I also want to emphasise that SiteRight should be one of the sources of information considered for siting-related decisions before any significant investments are undertaken. It is not intended to replace the need to conduct detailed site-level impact analyses or the importance of consulting relevant impact-assessment agencies before making siting decisions. These are, after all, complementary to the objective of SiteRight and have their own significance.
VR: Often, advocating for ecological impacts with the government is seen to be challenging. How has the experience been for you and your team with the tool?
DN: I feel that government departments are more likely to engage meaningfully if you go with a solution to the problem that they are already facing. Land conflicts are increasingly becoming a major challenge for the RE sector, and hence identifying ways to mitigate such conflicts can accelerate India’s growth towards its RE target. At the same time, it is in any government’s interest to minimise socio-environmental damages; many departments understand how it can help them implement their policies better.
We have been engaging with several government departments while developing the tool and have also demonstrated its functioning to a few of them. This includes the Ministry of New and Renewable Energy (MNRE), Ministry of Environment, Forest and Climate Change, as well as energy departments at the state level in Madhya Pradesh and Maharashtra. Here, I must say that the response has been encouraging.

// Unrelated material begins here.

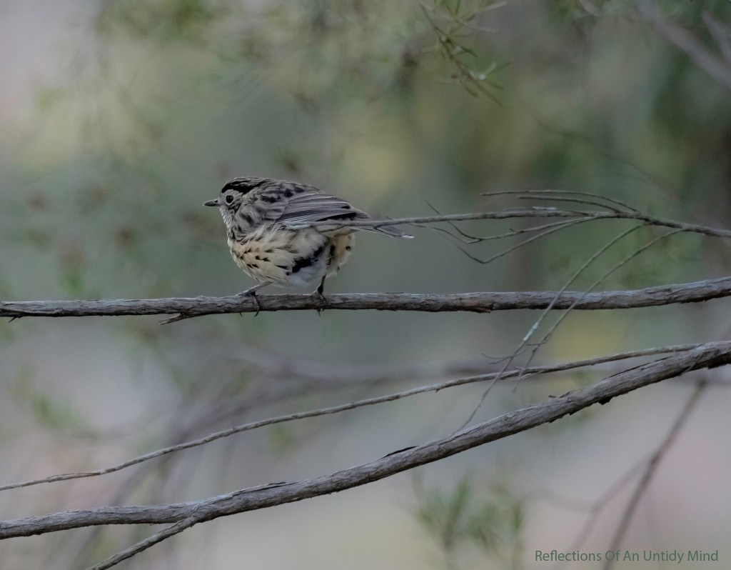 Here are some busy little birds – firstly, a busy photo of a silvereye getting a dusting of wattle pollen, and secondly, a speckled warbler in a more serene green. We also have a front and back view as an added contrast.

For example, a 2013 report commissioned by the MNRE identified the need for an RE zoning exercise which would consider the ecological and social sensitivities in addition to the RE potential for a project. SiteRight helps operationalize the Ministry’s recommendation, and the Ministry has indicated that it will consider the tool for usage.
For smarter siting, we need to shift from a piecemeal approach of planning projects to an integrated approach that helps us achieve our RE goals while considering which lands to develop these projects on. The SiteRight tool has been designed to support governments at the state and central level in making this paradigm shift.
VR: As the tool is still being developed, what major challenges do The Nature Conservancy and the other partners currently face?
DN: As we continue to demonstrate the tool to our target audiences, we have received several suggestions on additional datasets that can be added to increase its utility. The preliminary constraint for most of these datasets is the availability of data. Across government entities, the quality and consistency of spatial data (for example, the current land use) is a major challenge for a tool like ours. Providing additional data that will improve our target audience’s decision-making capabilities is our primary challenge.
Ultimately, the SiteRight tool is as good as the data which underlines it. Updating the datasets so that they are reliable and adequately reflect the status quo is also our top priority. This way, the tool can continue to help inform policymakers, governments, businesses, and financial institutions.